Sister Mary Morgan of the Sisters of St. Joseph was the wrap-up speaker before the crowd crammed into the offices. She took Altmire to task for a failure of courage, asserting she knew it was not easy to stand up to wealthy conservatives in the suburbs, and was upset over his vote. “I just couldn’t believe it,” she said, “I love the man. I love Jason Altmire. I was just deeply disappointed.”
This gathering was far from satisfied with the current legislation, even as they were backing it. Every time ‘single payer’ or ‘Medicare for All’ was mentioned, it got applause. The city councils of Aliquippa and Ambridge, as well as the nearby village of South Heights, had all come out for HR 676, and delivered resolutions to the Congressman. The mood was one of settling in for a long and complex fight, and none of these people would be sitting on the sidelines.
It’s a shame how this issue that should bring us all together divides us. Altmire, to his credit says he doesent like that this bill isnt paid for. I think that thats an honorable position. The problem is that it’s hard to trust someone that slept with the enemy. All I know is that it needs fixed. I dont trust pelosi, Altmire,or any republicans. Whats the answer? The fact that Pelosi even breaths bothers me.She is a sickening liberal.What good ever came from California? She should have never been chosen as speaker. And Boener is a real peach too.What a set of bookends.I believe the whole damn system is morally bankrupt.Whoever brokers a deal and brings this thing together should be anointed king. I am affraid with all these playes involved we will be destroyed as a nation in 20 years. God help us!

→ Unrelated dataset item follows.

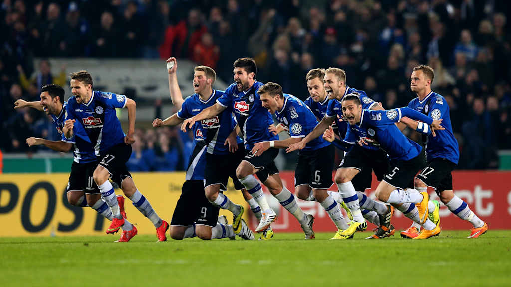 Danach gab es noch zwei Sensationen, jeweils zum Nachteil von Borussia Mönchengladbach. 2015 musste der Bundesligist dorthin, wo am Dienstag Werder Bremen erneut sein Glück versucht: auf die Bielefelder Alm. Eben dort hatte der Drittligist schon besagte Bremer und Hertha BSC eliminiert und nun waren die Borussen dran. Nach 120 Minuten und einem 1:1-Spielstand ging es ins Elfmeterschießen, in dem Arminen-Keeper Alexander Schwolow mit seiner Parade gegen Ibrahima Traoré zum Helden des Tages wurde. Auf der Arminen-Bank saß mit Norbert Meier ein früher Borussen-Spieler und –trainer.

It’s too bad Altmire was instrumental in reducing the public option so that it wouldn’t be any real challenge to insurance companies’ profits. That’s what makes his positiom dishonorable.
The general public was very much in favor of a Medicare like option.
If the cost of healthcare reform was really and truly his main concern, then he would be critical of insurance companies profits. What do they contribute to our healthcare? And what do they cost?
Let’s have the congressional Budget Office score that, Congressman Altmire.